Last Saturday, 30 November, some remembered the 33rd anniversary of the Tal-Barrani incidents. The PN Opposition of the time called a meeting in Żejtun but the Labour government banned a PN gathering in a place it considered its own. The PN defied them and thugs used violence to block them access to Żejtun as the government-controlled police stood idly by.
A few days later, on 5 December 1986, random bullets shot by one of the habitual Labour carcades hit Raymond Caruana a young lad in his 20s having a drink inside the PN club in Gudja. It was Sunday routine for bullies and thugs to drive from one PN club to the next shooting live bullets at the doors and setting them alight. The government dealt with the fatality by having the police plant a weapon in an innocent man’s farm and pinning the murder on him. Pietru Pawl Busuttil survived an attempt on his life while in police custody and the police’s case against him was thrown out. Raymond Caruana’s family never had justice.
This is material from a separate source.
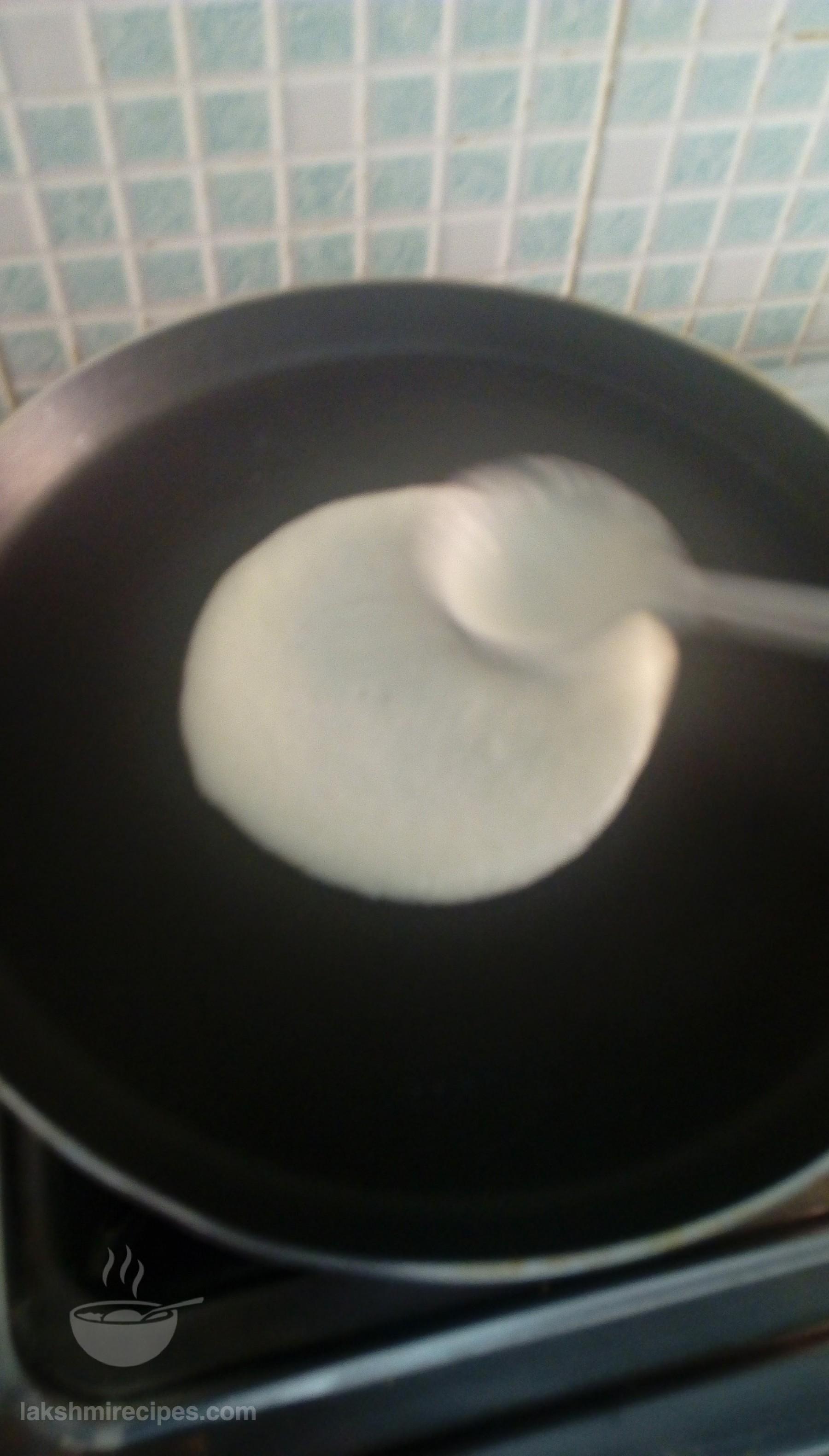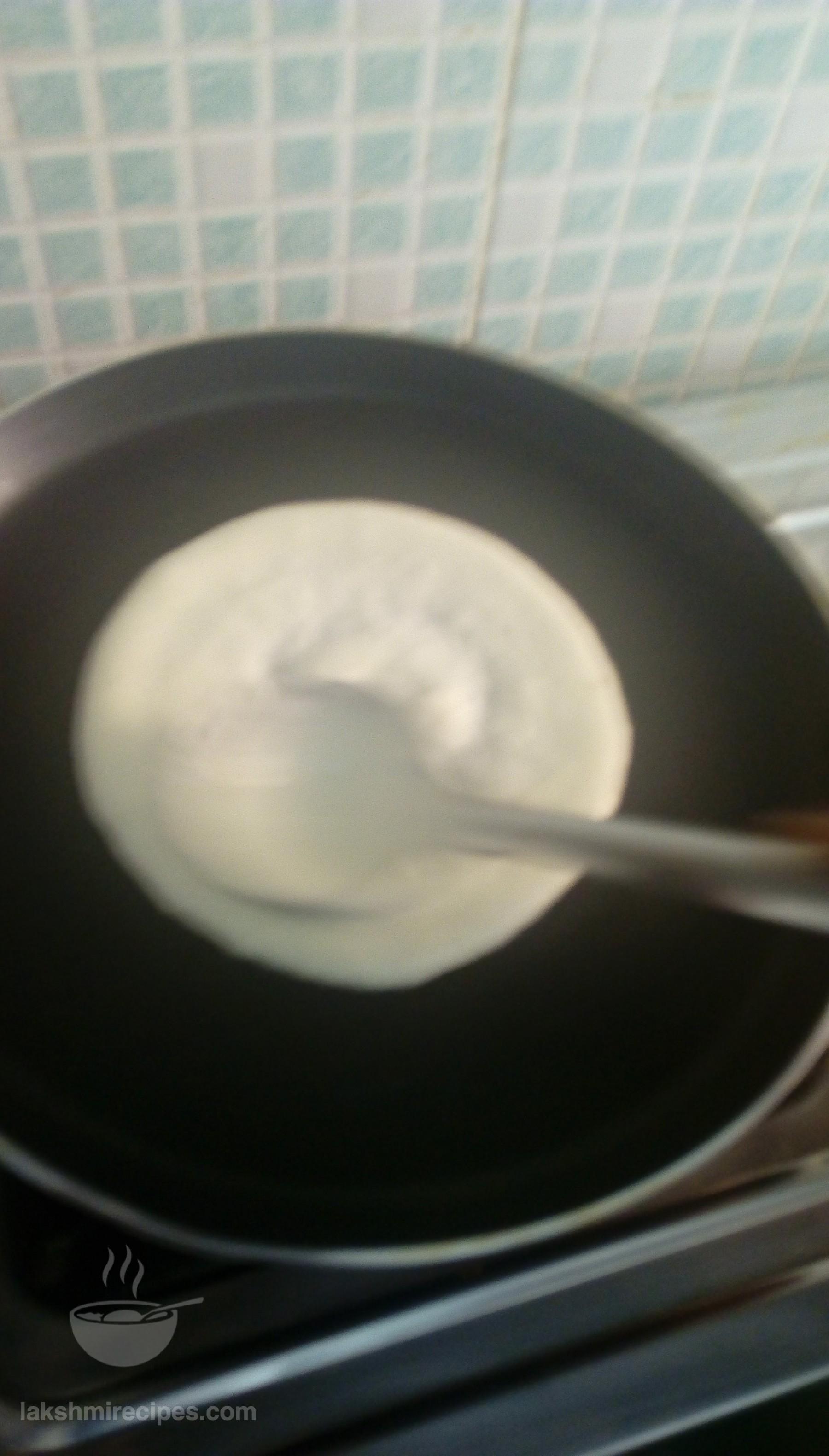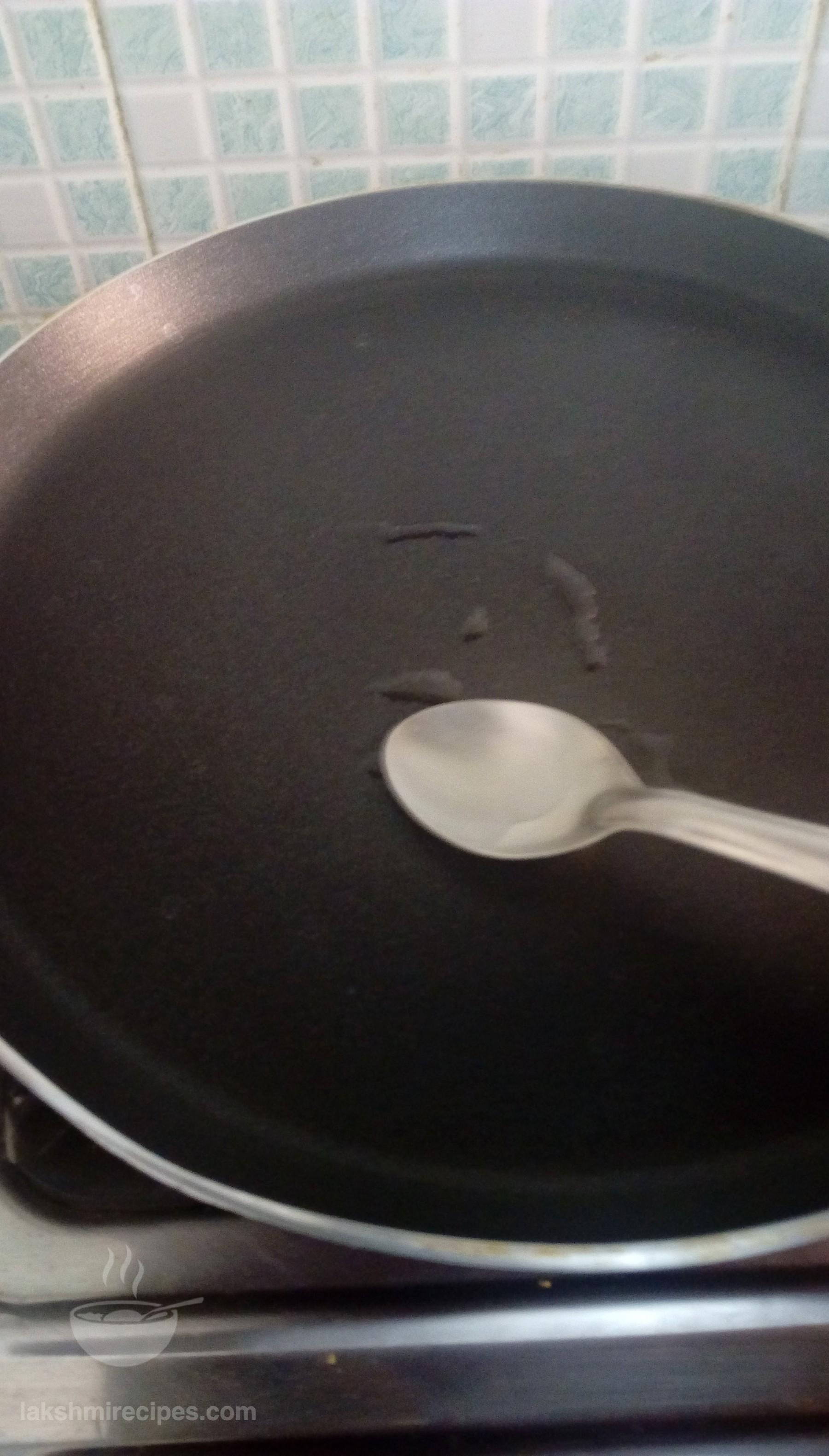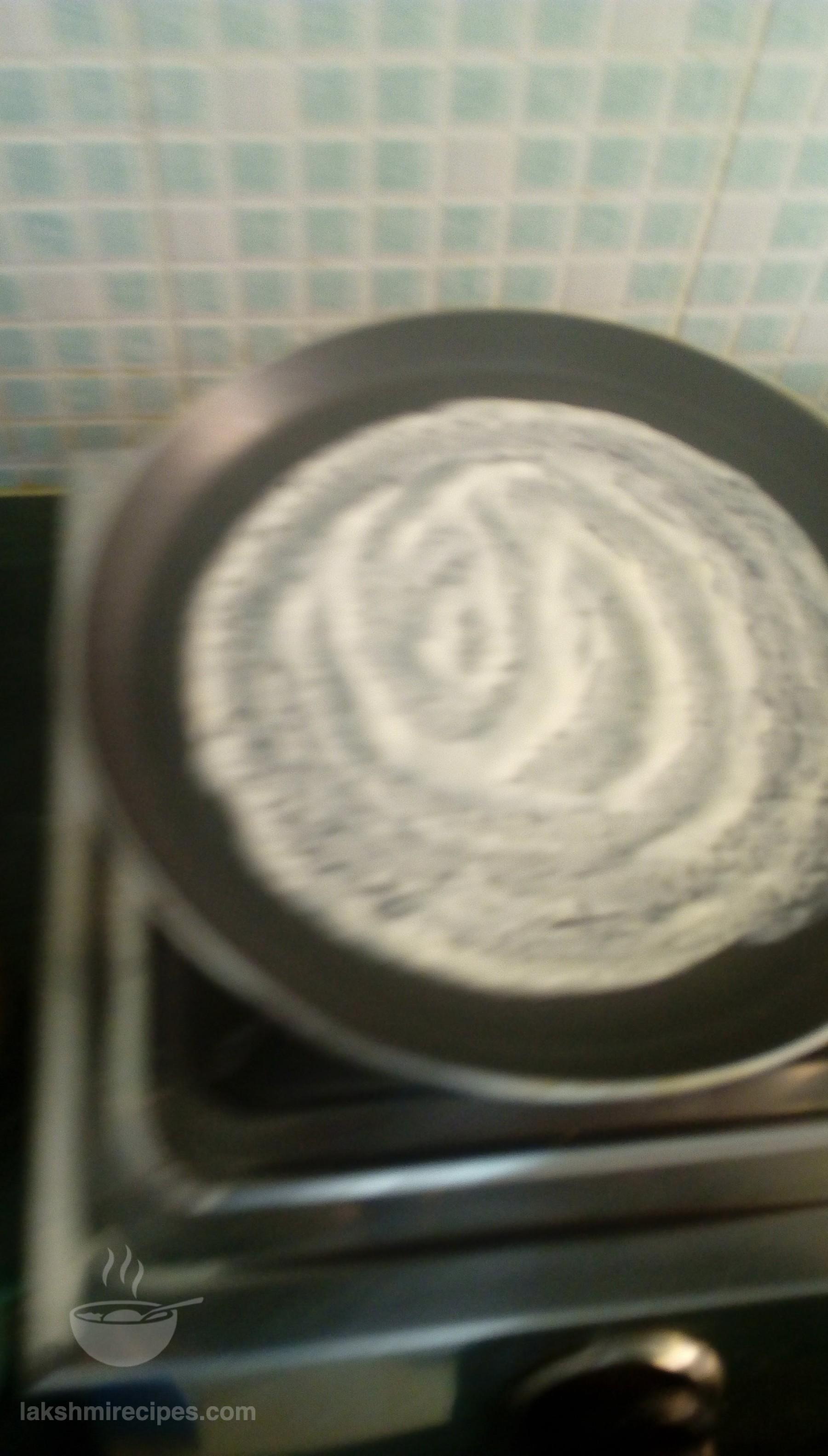 - Now heat 1 tea spoon refine oil on a non-stick tawa and then spread it with a cloth or tissue paper. After this sprinkle some water droplets on the tawa. If they clutter with a loud sound then lower the flame, and pour some batter with a serving spoon in the center of the tawa and spread it uniformly in round shape with the back side of the round ladle, leaving 1/2 inch space along the tawa edge.

Rewind to the 28 December of 42 years ago when our Republic was still brand new. Karin Grech, a 15-year-old girl, was killed as her brother Kevin, 5 years younger, watched her open a package addressed to her father a senior doctor employed with the government during a drawn-out strike. She died within half an hour of severe burns. Her family has never had justice.
Forward to the 18th December. We mark 25 years since Richard Cachia Caruana survived an attempt on his life. He was stabbed by assassins hired to kill him by drug lord and Labour darling Meinrad Calleja. Richard Cachia Caruana was the prime minister’s personal assistant in 1994. That designation has since been aggrandised to ‘chief of staff’. Calleja blamed him for his father’s forced resignation from head of the armed forces after Calleja’s sister was caught transporting a drugs shipment. The Labour Party would run a campaign to discredit witnesses in the murder trial helping the perpetrators’ case from outside the courtroom.
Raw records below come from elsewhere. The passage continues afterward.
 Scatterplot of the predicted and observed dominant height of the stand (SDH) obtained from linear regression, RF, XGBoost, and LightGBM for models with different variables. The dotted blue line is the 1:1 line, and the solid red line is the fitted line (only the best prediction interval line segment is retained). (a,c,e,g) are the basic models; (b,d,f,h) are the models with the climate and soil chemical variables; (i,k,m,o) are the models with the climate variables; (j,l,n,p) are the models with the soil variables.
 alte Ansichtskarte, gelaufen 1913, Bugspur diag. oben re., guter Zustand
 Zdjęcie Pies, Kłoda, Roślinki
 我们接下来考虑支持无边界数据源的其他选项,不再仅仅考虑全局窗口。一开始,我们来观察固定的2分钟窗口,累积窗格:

These anniversaries follow the marking of the burning of The Times building in Valletta and the sacking of Eddie Fenech Adami’s Birkirkara house on 15 October 1979.
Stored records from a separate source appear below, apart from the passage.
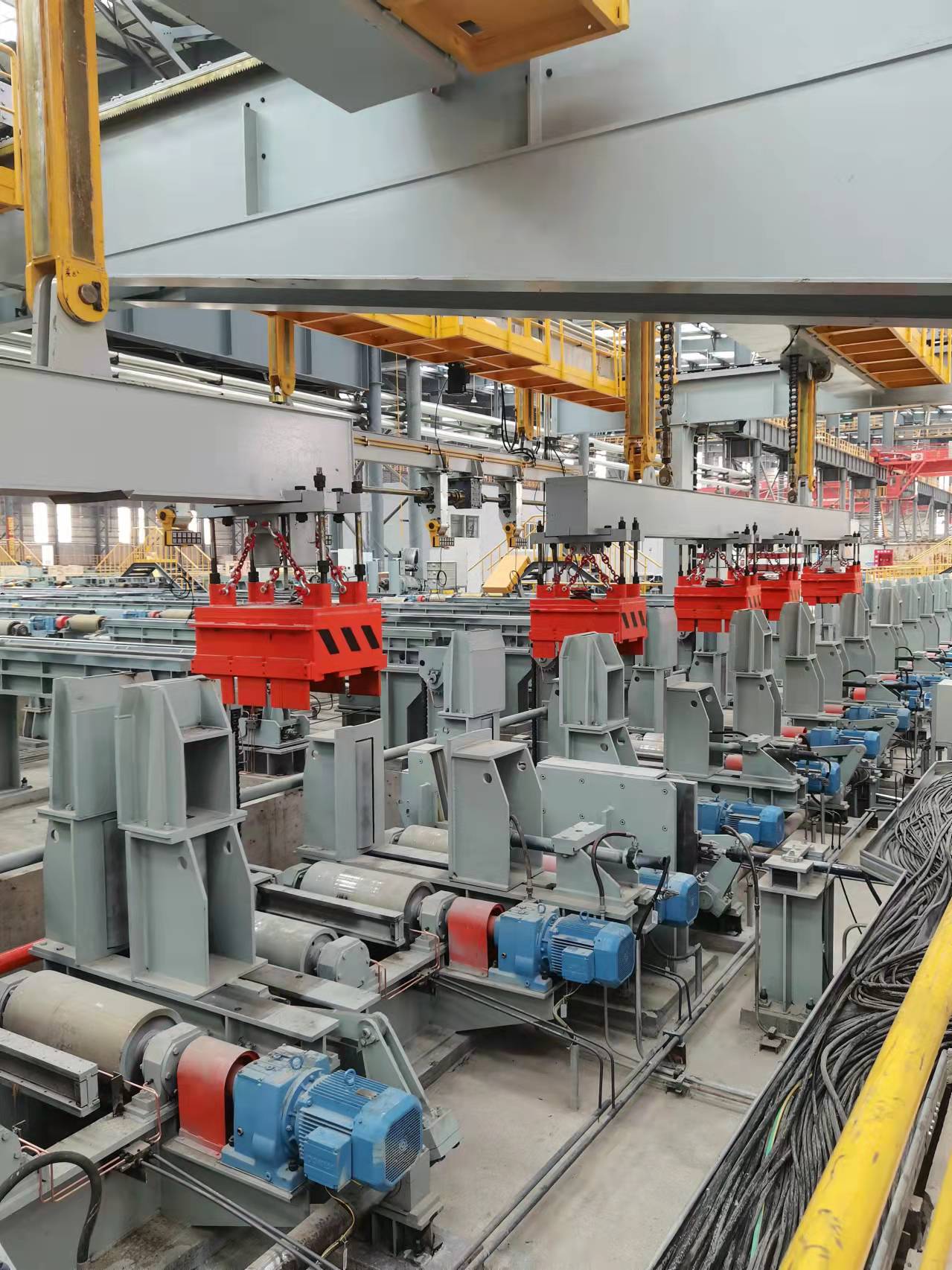根據(jù)現(xiàn)場工況,此次設(shè)計的型材,鋼軌自動化生產(chǎn)線用電永磁鐵,采用5臺聯(lián)吊,吊運6~12米長型材,鋼軌用。
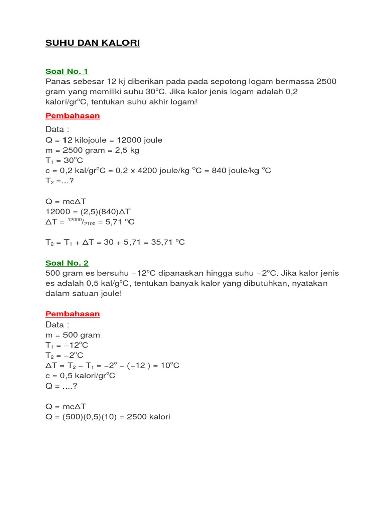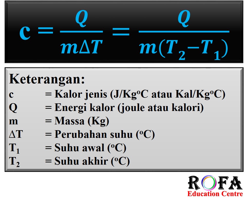 Rumuscoid setelah sebelumnya kita membahas tentang rumus tekanan hidrostatis kali ini kita akan membahas materi tentang rumus kalor jenis kita akan jabarkan secara detail mulai dari pengertian rumus satuan dan contoh soal kalor jenis beserta pembahasannya. Dengan menggunakan asas black kita dapat menentukan kalor jenis suatu zat pada kalorimeter dengan menggunakan persamaan berikut. Sejumlah kalor yang diberikan suatu benda tidak semuanya mengalami kenaikan suhu artinya masih bisa mengalami penurunan suhu.
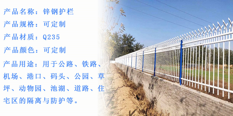 鋅鋼護欄是指采用鋅合金材料制作的用于不同部位、具備不同功能性的圍護欄桿,由于其后期是用靜電噴涂處理表面層,使具有高強度、高硬度、外觀精美、色澤鮮艷等優(yōu)點,成為住宅小區(qū)、工廠院校、道路交通等使用的主流產(chǎn)品。
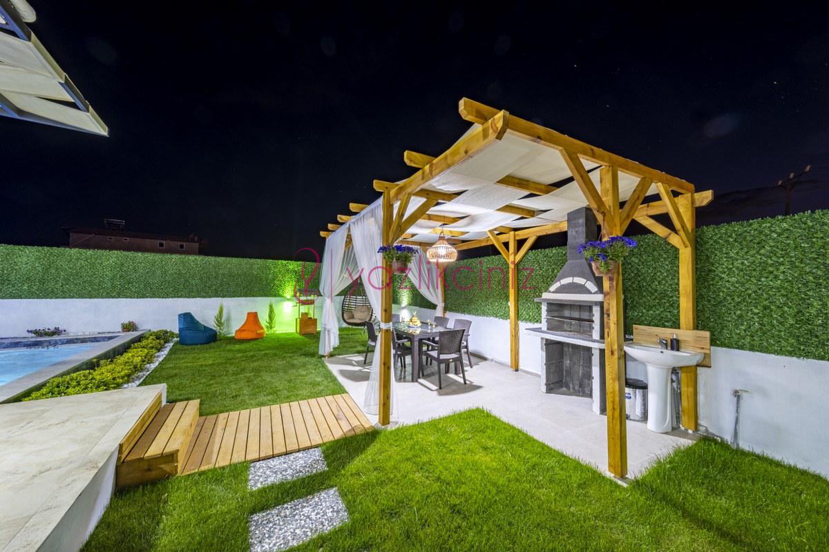 Şezlong, mangal, oturma gurubu, yemek masası bulunmaktadır.
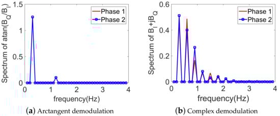 Spectral representation of the noiseless baseband signals, using (a) arctangent demodulation and (b) complex demodulation. mm, mm. bpm (i.e., ambiguity). Red line and blue square line represent different mutual phases ( and , respectively).

On the 13th December we mark 45 years since Malta became a Republic.
Why is all this worth remembering?
A prime minister’s chief of staff is involved in an assassination again but not as its victim but its suspected perpetrator. There has been a government attempt to frame someone else for the murder, not a quiet farmer from Ħal Safi but another government minister whose criminal connections make him a likely candidate for a murder frame up.
Although we know and have understood the truth about the killing of Daphne Caruana Galizia we see a government determined to bury evidence that could give her family justice.
No random bullets have been shot at dissenters yet but thugs have entered the scene again illegally arresting journalists when their questions became inconvenient for ministers’ ears.
Instead of burning a building belonging to a newspaper, they blew a bomb under the car seat of a journalist who was a news powerhouse on her own.
The forty-five years of the first republic have been replete with dark days. But maybe they have never been quite as dark as today’s.